You will find the password in /var/lib/gerrit2/review_site/etc/secure.config
You will also need to install MySQL before hand.
and follow https://gerrit-review.googlesource.com/Documentation/install.html#createdb_mysql
remember to replace the db user with gerrit not gerrit2 for now.
Change 303146 had a related patch set (by Paladox) published:
Gerrit: Support http only, configured by a config
Change 303435 had a related patch set uploaded (by Paladox):
Gerrit: Support labs https
Yay, we now have
https://gerrit.git.wmflabs.org/r/#/q/status:open
working. It should not need any manual hacks anymore.
But we want to proof this by deleting the instance one more time and recreating it by applying the puppet role and nothing else.
Change 303146 abandoned by Chad:
Gerrit: Support http only, configured by a config
Reason:
Gerrit needs HTTPS in all environments, per IRC and other discussions. Our puppet manifests are written for letsencrypt support out of the box
Nothing much now.
We just need to go through it again. I.E. retest it by deleting test instance and recreating it.
sooo.. we did this and re-created it one more time to proof everything is actually fixed now.
Also we split the DB part of it into a separate instance as we talked about before with Chad,
letting us easily re-create fully puppetized gerrits while leaving the DB backend the same.

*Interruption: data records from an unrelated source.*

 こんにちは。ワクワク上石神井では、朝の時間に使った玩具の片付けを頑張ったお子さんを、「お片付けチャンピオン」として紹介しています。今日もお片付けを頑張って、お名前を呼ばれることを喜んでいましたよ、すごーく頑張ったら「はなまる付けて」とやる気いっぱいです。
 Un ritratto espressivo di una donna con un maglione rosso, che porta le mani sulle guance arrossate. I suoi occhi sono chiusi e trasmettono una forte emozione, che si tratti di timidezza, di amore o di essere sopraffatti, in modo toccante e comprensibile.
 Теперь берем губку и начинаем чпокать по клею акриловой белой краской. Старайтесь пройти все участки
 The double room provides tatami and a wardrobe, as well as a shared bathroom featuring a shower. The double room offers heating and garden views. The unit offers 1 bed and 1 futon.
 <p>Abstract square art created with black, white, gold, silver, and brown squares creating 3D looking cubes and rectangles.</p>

- created new instance gerrit-mysql, following docs at P3939
- deleted instance gerrit-test3
- re-created gerrit-test3, following docs at P3637, configured to use role::gerrit::server
- ran puppet and got errors on P3957
- added security group to let gerrt-test3 connect to gerrit-mysql on mysql port 3306
- let the db server listen on it's LAN IP instead of just 127.0.0.1
- adjusted mysql GRANTs
- ran puppet again ..
blocked because one instance can't talk mysql to the other instance, which looks like it's caused by T142165
I'm not convinced that it's T142165:
- gerrit-test.git.eqiad.wmflabs and jenkins-slave-01.git.eqiad.wmflabs can traceroute gerrit-mysql and telnet gerrit-mysql 3306
- gerrit-test3.git.eqiad.wmflabs and alex-test.git.eqiad.wmflabs cannot
- All can sudo traceroute gerrit-mysql -T and sudo traceroute gerrit-mysql -I
gerrit-test3 uses kernel
Linux gerrit-test3 4.4.0-1-amd64 #1 SMP Debian 4.4.2-3+wmf3 (2016-07-28) x86_64 Debian GNU/Linux 8.5 (jessie)
and gerrit-MySQL uses
Linux gerrit-mysql 4.4.0-1-amd64 #1 SMP Debian 4.4.2-3+wmf2 (2016-05-11) x86_64 Debian GNU/Linux 8.5 (jessie)

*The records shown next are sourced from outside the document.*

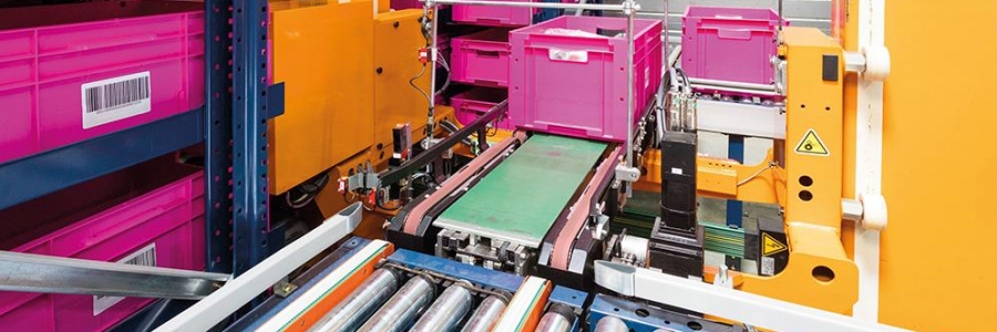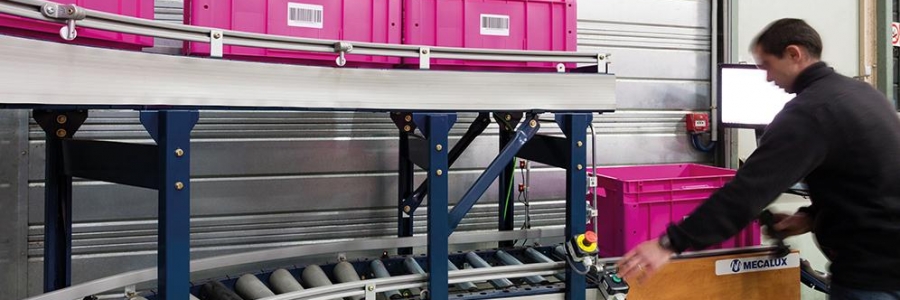 Deux circuits de convoyeurs reliés au magasin miniload ont été aménagés. Les caisses vides, provenant de la zone de picking, arrivent par le circuit supérieur. L’opérateur les remplit avec les articles correspondants, et les dépose dans le circuit inférieur pour les stocker à nouveau dans le miniload.
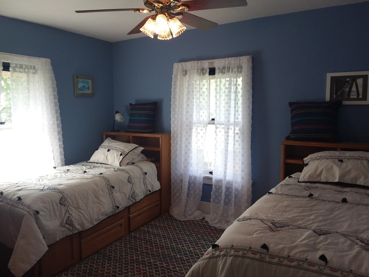 Appartement au rez-de-chaussée dans un quartier calme bordé d'arbres plein de caractère et de charme. Porche avant et patio arrière relaxants. Art provenant de nos voyages et cuisine entièrement équipée. À seulement deux pâtés de maisons du centre-ville de Council Bluffs, où vous pourrez prendre un repas, boire un verre ou faire du shopping. Le centre-ville d'Omaha, l'aéroport, l'Iowa Western Community College, Stir Cove et le zoo d'Omaha sont tous à 15 minutes. C'est une maison historique, donc elle aura des bizarreries qui viennent avec une maison plus ancienne. La salle de bain est une douchette à main/baignoire uniquement.
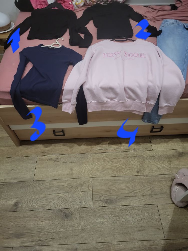 Očitno so zmagale 2. Zdej pa še pulover oz. majco. Ruki so štiri ki bi po mojem mnenju najbolj pasale. 1je kot crop top, pol 2 je kt bodi, tretja je tt k crop top, pulover je pa tak srednje dolgi.
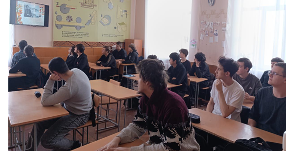 Студентам была показана презентация, которая включала в себя информационно-образовательный блок о роли женщин в ходе боевых действий и работе в тылу в годы Великой Отечественно войны, а также о том каким образом отмечался праздник 8 Марта в 1941-1945 годах.
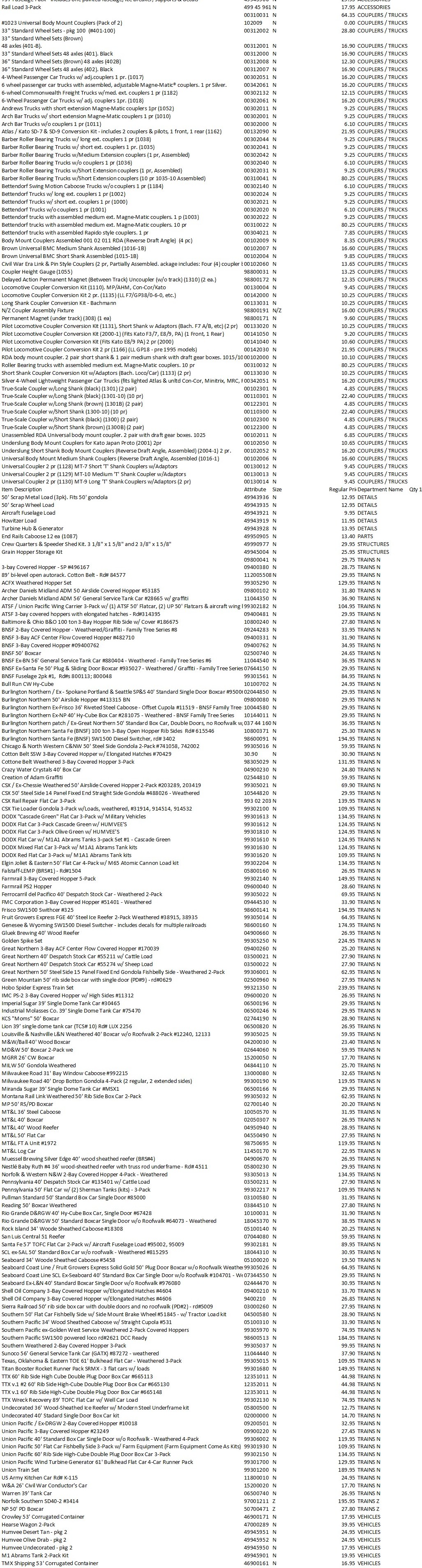 owned/vintage N scale. A listing of what we have in
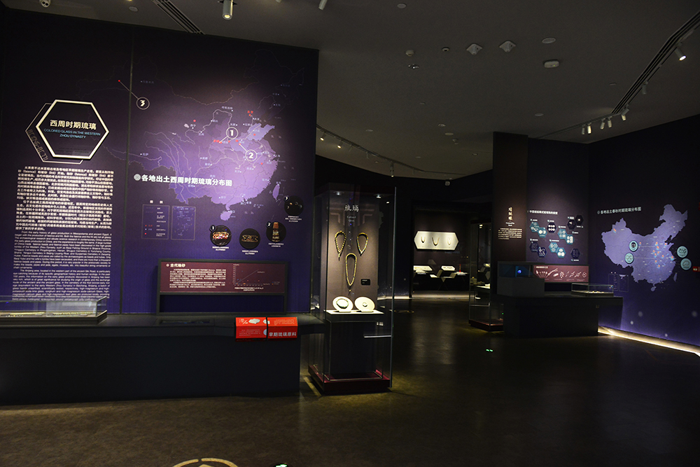 西周时期,贵族社会热衷于将琉璃与玉石、玛瑙、贝壳等连缀成美丽的饰物进行佩戴,五色厅展示的费昂斯(英文音译,意为“釉砂”)串饰即是此时期的琉璃产物。
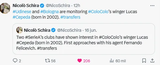 Hace unas horas, el periodista Nicoló Schira reveló en su cuenta de ‘X’ los dos equipos del fútbol italiano que buscan el fichaje de Lucas Cepeda en este mercado de pases: Udinese y Bologna.
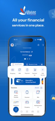 -Virtual Visa Card: Create and manage Visa cards in dollars or Yemeni riyals, with purchase history and reports.
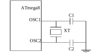 Кварцевый или керамический резонатор подключается к выводам OSC1, OSC2 показан на рисунок 3.7. Использование резонаторов с последовательным резонансом может привести к получению тактовой частоты, не соответствующей параметрам резонатора.
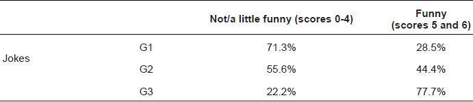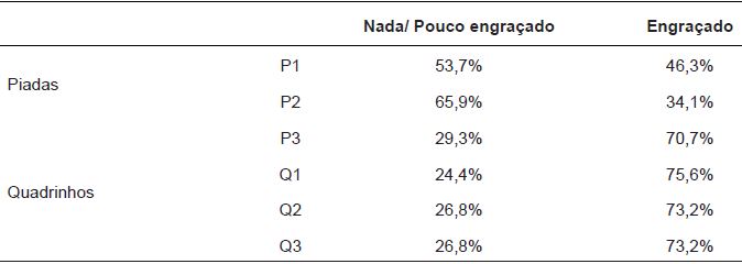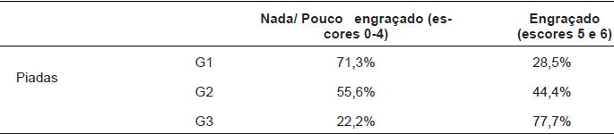 Após a apresentação de cada quadrinho e cada piada, a pesquisadora fazia perguntas para averiguar a compreensão dos mesmos. Em seguida, a pesquisadora apresentava novamente as piadas gravadas, e ao final de cada uma, pedia para que a criança dissesse se a piada era “engraçada” (2 pontos), “mais ou menos engraçada” (1 ponto) ou “nada engraçada/sem graça” (0 pontos). O mesmo procedimento foi utilizado para a avaliação dos quadrinhos. O escore total para apreciação de piadas e de quadrinhos variou, portanto, de 0 a 6 para cada.

gerrit-mysql can run telnet gerrit-mysql 3306 but fails on gerrit-test3 with the newer kernel.
root@gerrit-mysql:/home/paladox# telnet gerrit-mysql 3306
Trying 10.68.23.211...
Connected to gerrit-mysql.git.eqiad.wmflabs.
Escape character is '^]'.
GHost '10.68.23.211' is not allowed to connect to this MariaDB serverConnection closed by foreign host.
but on gerrit-test3 it just hangs on Trying 10.68.23.211...

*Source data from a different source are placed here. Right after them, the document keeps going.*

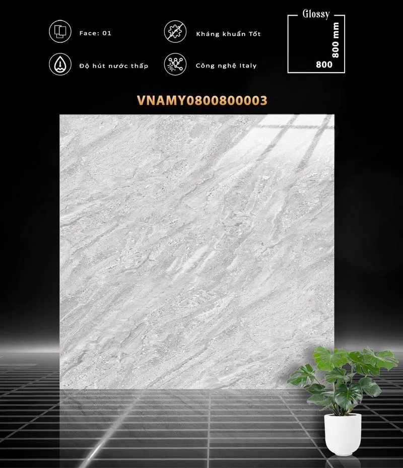Gạch LUSTILE VNAMY0800800003 hàng VN nhà máy Ý Mỹ size 800x800mm bề mặt Glossy, chống trầy xước, dầy 9,4mm, kháng khuẩn. 1 thùng = 3v= 1.92m²/thùng…
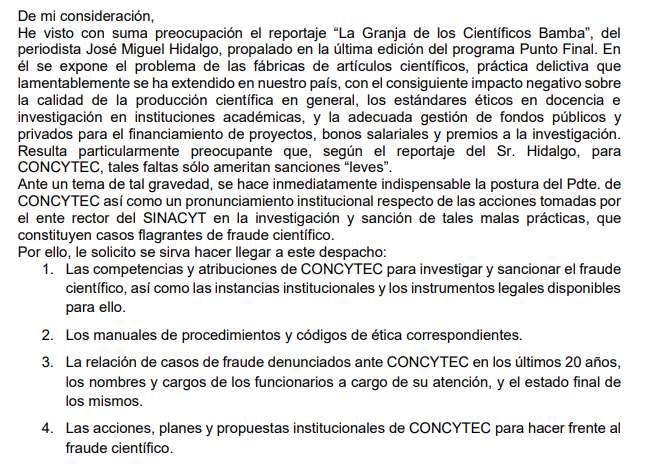 Por otra parte, el congresista solicitó a Benjamín Marticorena, presidente de Concytec, que haga llegar a su despacho la siguiente información: Competencias y atribuciones de Concytec para investigar y sancionar el fraude científico, así como las instancias institucionales y los instrumentos legales disponibles para ello, los manuales de procedimientos y códigos de ética correspondientes, la relación de casos de fraude denunciados ante Concytec en los últimos 20 años, así como las acciones, planes y propuestas institucionales de la entidad para hacer frente al fraude científico.
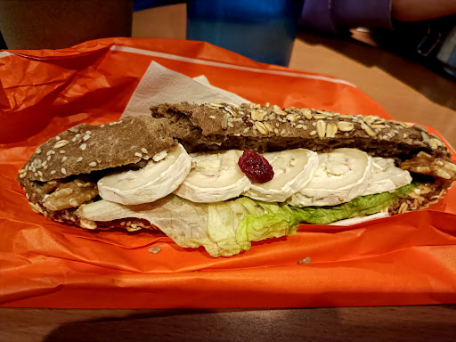 Read moreIch musste mir heute auf die schnelle Kaffee und. Was zum Frühstück holen... Habe mich für einen Latte Macchiato (der ist gut!) entschieden und ein "Honigkrustini" (Vollkornbaguette mit Salat, Ziegenkäse, Walnüssen und Cranberries...).
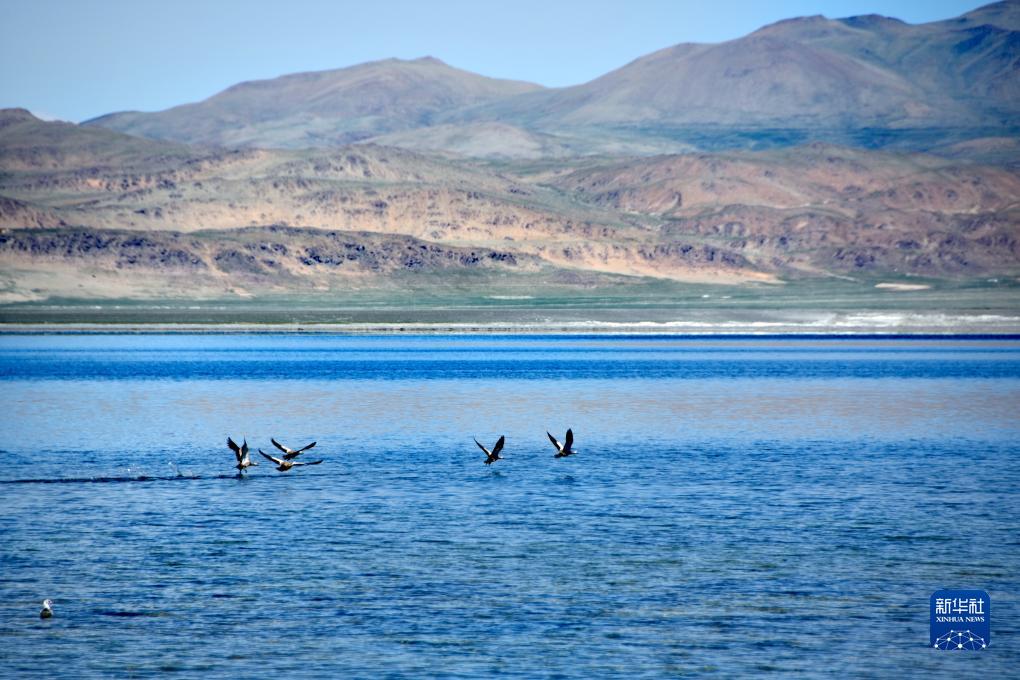 飛鳥從達瓦錯湖面掠過(8月28日攝)。
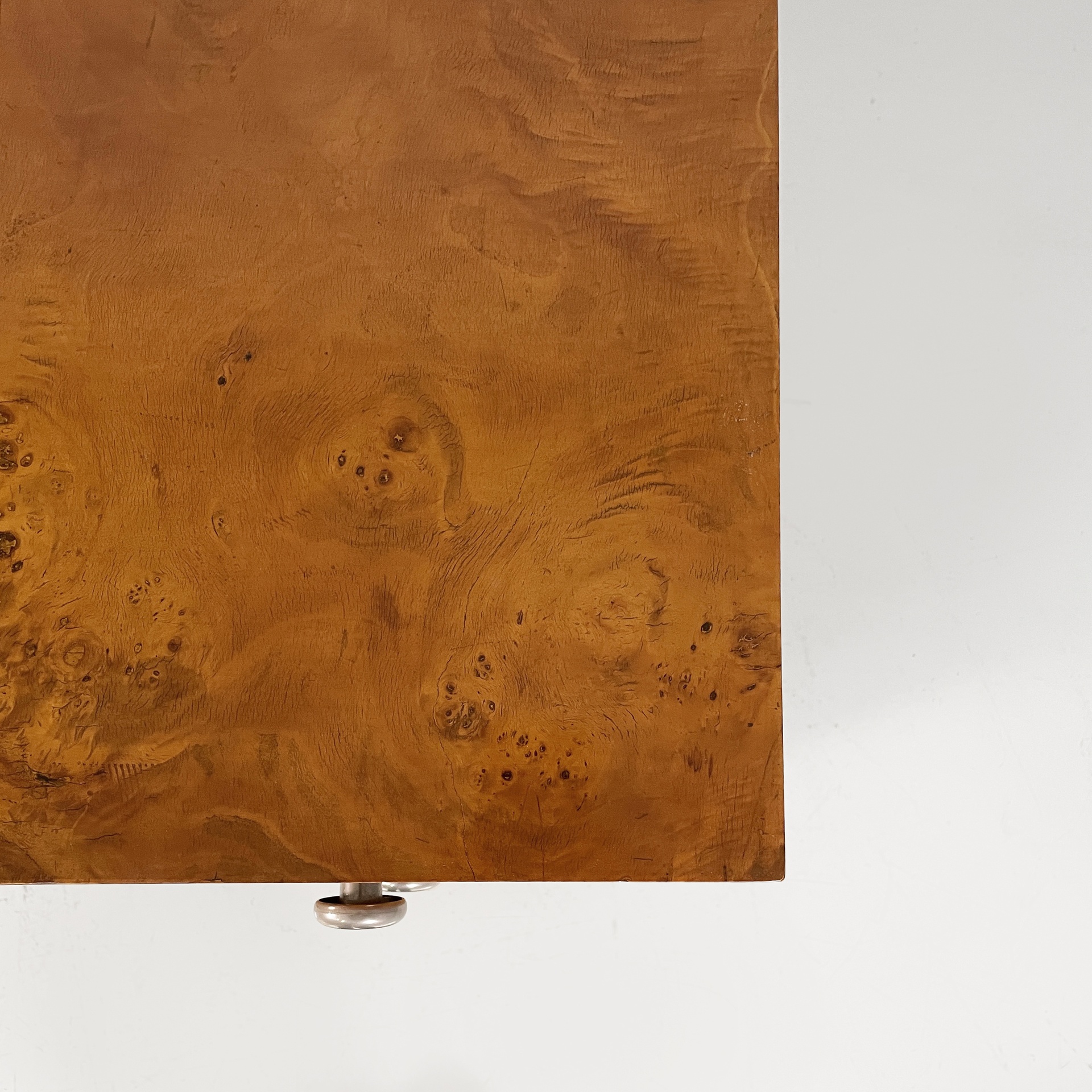 Scrivania con struttura in legno di radica. Sotto il piano rettangolare sono presenti una colonna di tre cassetti rettangolari con maniglie tonde in acciaio cromato e un cassetto rettangolare più lungo con chiave. Le due zampe a sezione rettangolare sono in legno. Rifinita su tutti i lati. Art Deco.

But it dosent seem to be the kernel that is the problem.
Maybe the image but not sure.
Only two days ago I setup gerrit-mysql and that works but setting up gerrit-test3 today it seems it wont connect to mysql on gerrit-mysql which is strange but probably a bug in the image.
We went through the instructions one more time and edited them slightly.
It's done now, we have instructions how to get gerrit up and running in labs with just puppet that are repeatable.
We will now just dump the pastebin content on wikitech and we'll have docs to follow in the future.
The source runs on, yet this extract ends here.